When Germany headed to the polls on 24 September, there was little doubt that Merkel was poised for a comeback. As the election results began to pour in, it was clear that this was far from the victory Merkel had hoped for.
Did Chancellor Angela Merkel’s decision to open Germany’s doors to migrants cost her heavily in the German election? That is the key question at the heart of the debate and discussion around the polls held on last Sunday, which saw the dramatic entry of the far right into the Bundestag or the German Parliament.
When Germany headed to the polls on 24 September, there was little doubt that Merkel was poised for a comeback. There was no real opposition to the Chancellor in the months leading up to the election, as she kept her campaign focused on the positives — the state of the economy, low unemployment and social stability. It was described as boring election by many, but has turned into one of the most intriguing outcomes we have seen.
As the election results began to pour in, it was clear that this was far from the victory Merkel had hoped for. The dramatic rise of the far right AfD (Alternative for Germany) has come as a warning that Germany may be taking a dangerous turn to the right. The AfD’s rhetoric is strongly anti-Muslim and anti-migrant, taking on a more shrill tone over the years since it was founded in 2013. The AfD had campaign posters with messages like “Burqas? We like bikinis”. The party also believes Germany should stop atoning for the past. Many have compared the AfD to the Nazis.
The party, only five years old, emerged from nowhere, entering the German parliament for the very first time with 13% of the vote share and more than 90 seats in the 709 member house. It is now Germany’s third largest party. Merkel’s Christian Democratic Union suffered it’s worst performance since 1949 with 246 seats, down 65 seats from the last election in 2013. Proving that this was a rather unconvincing win for “Mutti” or “Mummy”.
It is particularly worrying, given that with it’s historic background, Germany has infact resisted the rise of the ultra right for decades, even while we saw it’s rise in Europe. Understandably, the German media’s entire discourse currently is focused on the fallout of this landmark election.
The country’s leading TV network, DW, writes:
The far-right AfD will be the third-largest party in the Bundestag. This will have no immediate effect on policy per se, but will alter the political tone. In a nutshell: Things are about to get a lot nastier.
DW goes on to quote one of the country’s leading academics, Oskar Niedermayer, who says: “The spectrum of positions represented in the AfD cannot be summed up by one word. I call them a nationalist-conservative party with increasing connections to right–wing extremism.”
Since 2015, Angela Merkel has allowed over 1.3 million refugees to enter Germany, coming from countries like Syria, Afghanistan, Iraq. She had said this was the country’s “humanitarian duty”.

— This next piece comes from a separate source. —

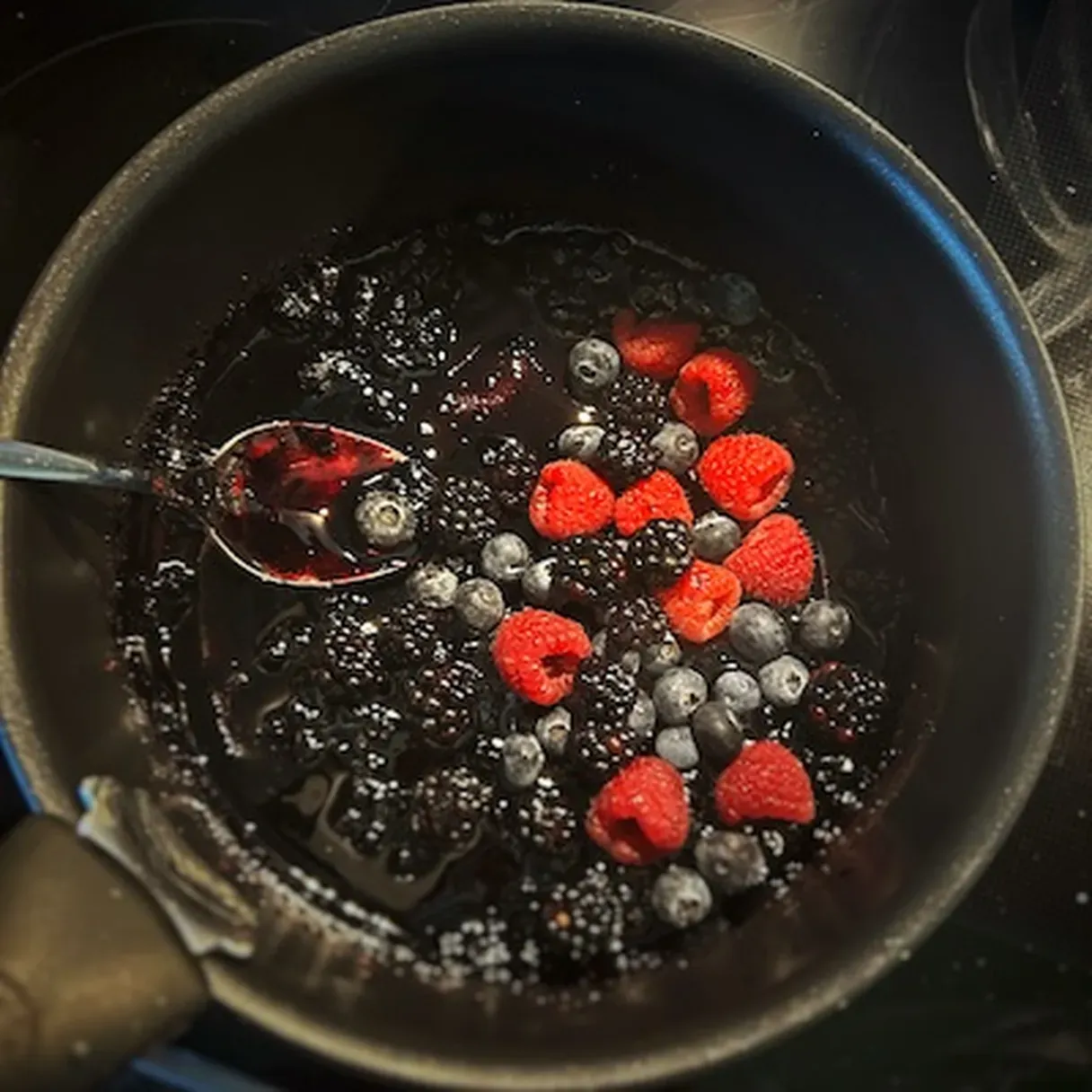 - Remove from heat, add the remaining berries, and stir to combine.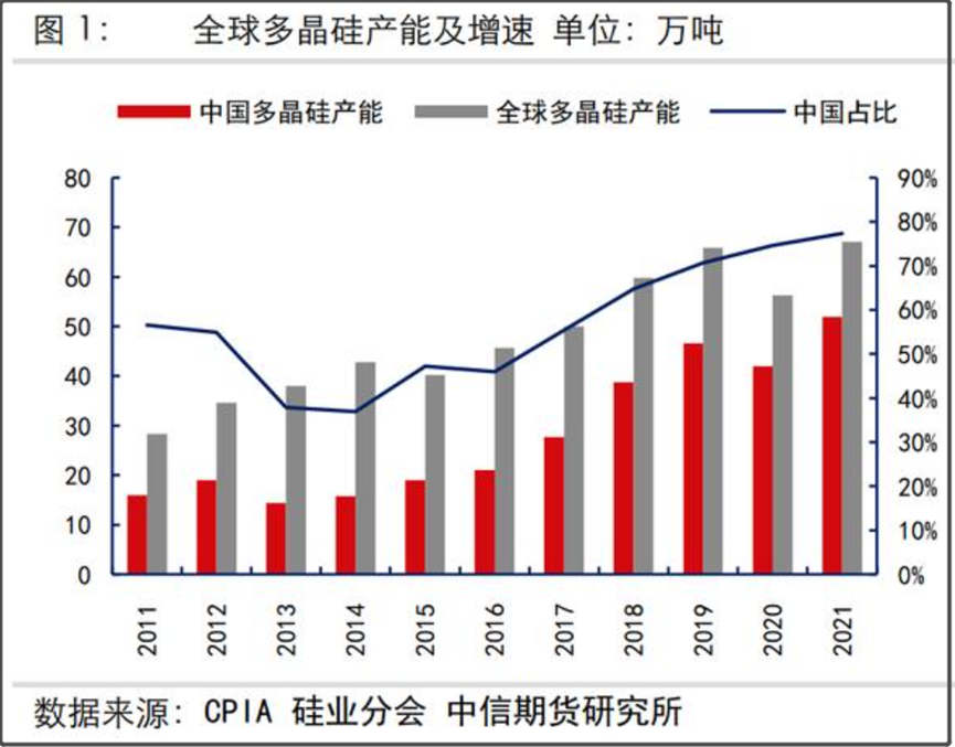 目前在工业硅提纯成多晶硅料这个环节,我国占了全世界80%的产能。

There were clearly those who backed Merkel’s move as a humanitarian one but as Der Spiegalwrites, “[H]er refugee policies nevertheless polarised people like (her) few other previous political decisions. Now that anger is sweeping into the Bundestag in the form of the AfD.”
It is fairly evident now that this election saw a huge swathe of voters who were angered by Merkel’s migration policy, and much like the Brexit vote in the UK, lashed out at the establishment. That is precisely the focus of the German media which is trying to understand the AfD’s agenda and it’s appeal. DW says it is the “fear of and hostility toward those considered foreigners.”
A piece in the Welt says that Merkel is being roundly blamed for everything.“Merkel was the main contributor to the strengthening of the AfD, is the tenor of the criticism,” writes Richard Herzinger. “Comparisons of the Merkel regiment with dictatorial regimes.. are no longer confined to radical circles, but now belong to the repertoire as serious commentators and mainstream politicians,” he writes, going on to say that “to turn Merkel into a scapegoat is evidence of an inverse authority of authority, and directs comfortably from the disturbing fact that no political force, no intellectual enlightener, no civil society initiative has so far provided a conclusive answer on how to halt the rise of legal nationalists.”
That Merkel is facing considerable criticism is reflected elsewhere in the media space.
Der Spiegal writes: “For Merkel, who decided to run for a fourth term as chancellor last November, the Alternative for Germany’s (AfD) rise is no less than a debacle. With her choice to run, she decided to follow in the footsteps of Helmut Kohl, who governed the country for sixteen years. Now the obvious question is whether Merkel made the same mistake that Kohl made in 1994 when he decided to try to carry on as chancellor? At the time, any shrewd member of the CDU knew that Kohl had fallen behind the times. But no one dared rebel against the elder politician. Is history now repeating itself? Merkel’s campaign laid bare all the problems with her as a person and with the way she leads. Merkel long seemed to hover above everything as a kind of nonpartisan chancellor — which helps explain why many Germans didn’t have any strong feelings about her. But that has changed fundamentally since the refugee crisis.”
A column in Der Spiegal sums up the German mood. “It is the arrogance of the power that led the CDU so far down, not the wrong program or the wrong Internet strategy. Arrogance is more difficult to correct than a faulty programme.”